Paper Chace


Covers to volumes 1 through 4 of Queen and Country Definitive Editions, each with black-&-white close-ups of main character with trade dress in orange, blue, red, and green respectively

Rachel Maddow was on Late Night with Seth Myers recently, and to my surprise among the topics they discussed was Greg Rucka’s Queen and Country.

I knew that Myers was a comics fan — his Twitter icon is a Kevin Maguire sketch of Myers as Blue Beetle in the Justice League International days. Yet it was still bizarre to hear Maddow segue from a mention that she’d written the foreword to a collected edition of DC Comics’ Batwoman written by Rucka to hearing her and Myers both profess love for a smart, gripping but — in the grand scheme of the superheroes that still dominate the marketplace — relatively obscure series from small publishing house Oni Press, followed by Maddow stating, “I have given copies of the Queen & Country comic book to members of Congress, suggesting that they ought to read it.”

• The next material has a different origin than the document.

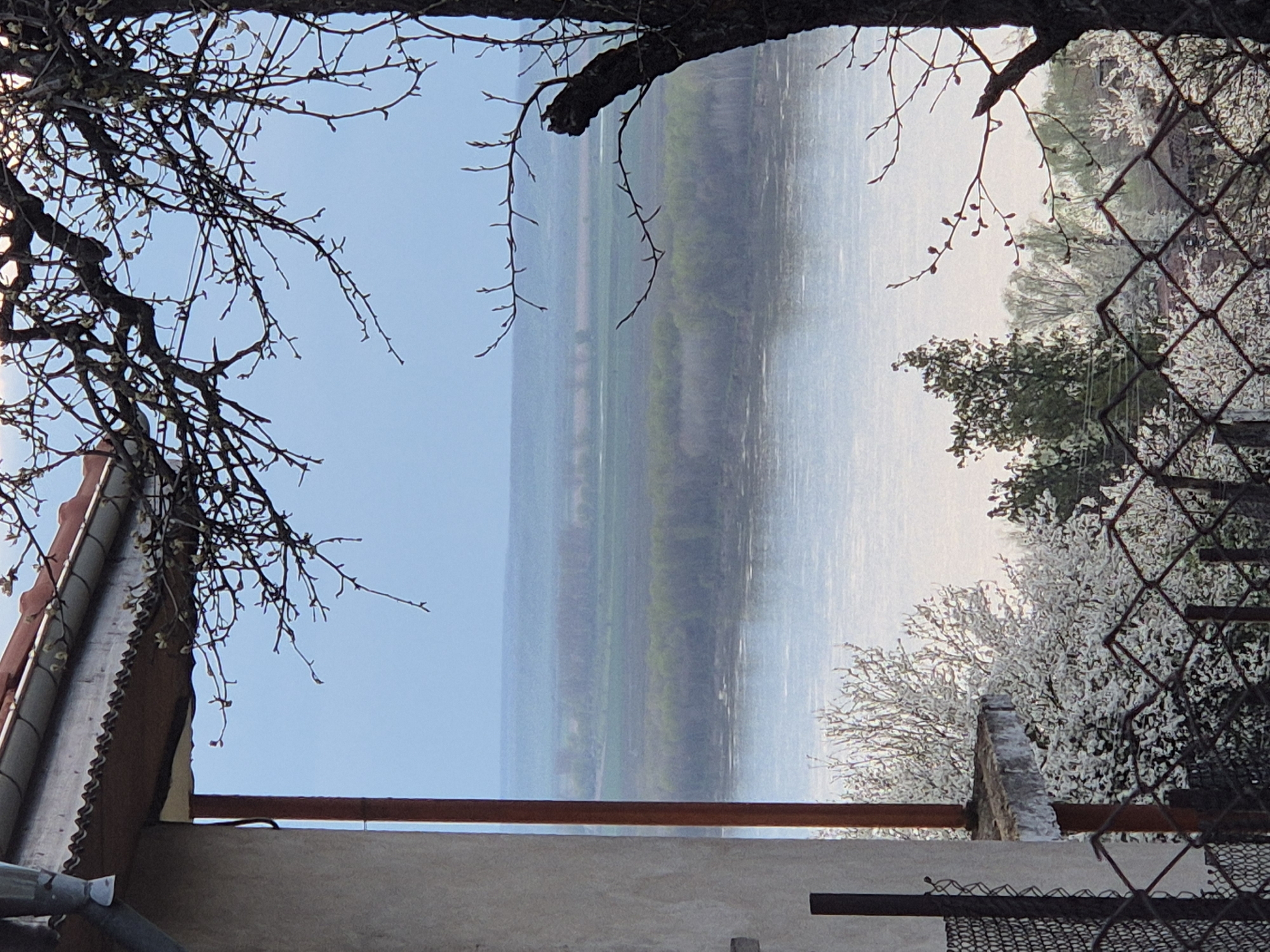 The image, taken in Tutrakan, Bulgaria, appears to be oriented upside down. It shows a partial view from what seems to be an elevated position, possibly a balcony or window. The foreground includes sections of a building's architectural elements: a roof, gutter, and a concrete wall with a horizontal iron bar. Parts of bare tree branches frame the left side, and a chain-link fence with flowering trees is visible on the right. In the distant background, a horizontal band of hazy landscape is observed, which includes the Danube river, along with fields and wooded areas. The sky occupies the upper part of the image and is light blue.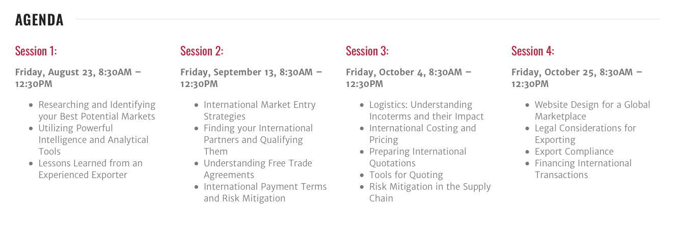 Companies accepted into the program will become skilled at finding profitable export markets, developing distribution channels, understanding foreign and U.S. regulatory issues, pricing and costing company products, submitting international quotations, processing accounts receivable and recognizing legal and cultural considerations.

Not having read all of Queen & Country, it’s hard for me to recommend unreservedly, although it’s likewise hard to go wrong taking a chance on anything with Rucka’s name attached. His and illustrator J.H. Williams III’s Batwoman is very good; Gotham Central, also written by Ed Brubaker and drawn by Michael Lark, Stefano Gaudiano,
et al., is excellent. Ditto Whiteout, created with artist Steve Lieber, which obliquely birthed Queen & Country’s focal character of UK special operative Tara Chace. I’ve read the first of Rucka’s Atticus Kodiak prose novels, Keeper, but not found the time for more.

The entirety of Queen & Country, including the Declassified spinoff, is now available in four omnibus editions.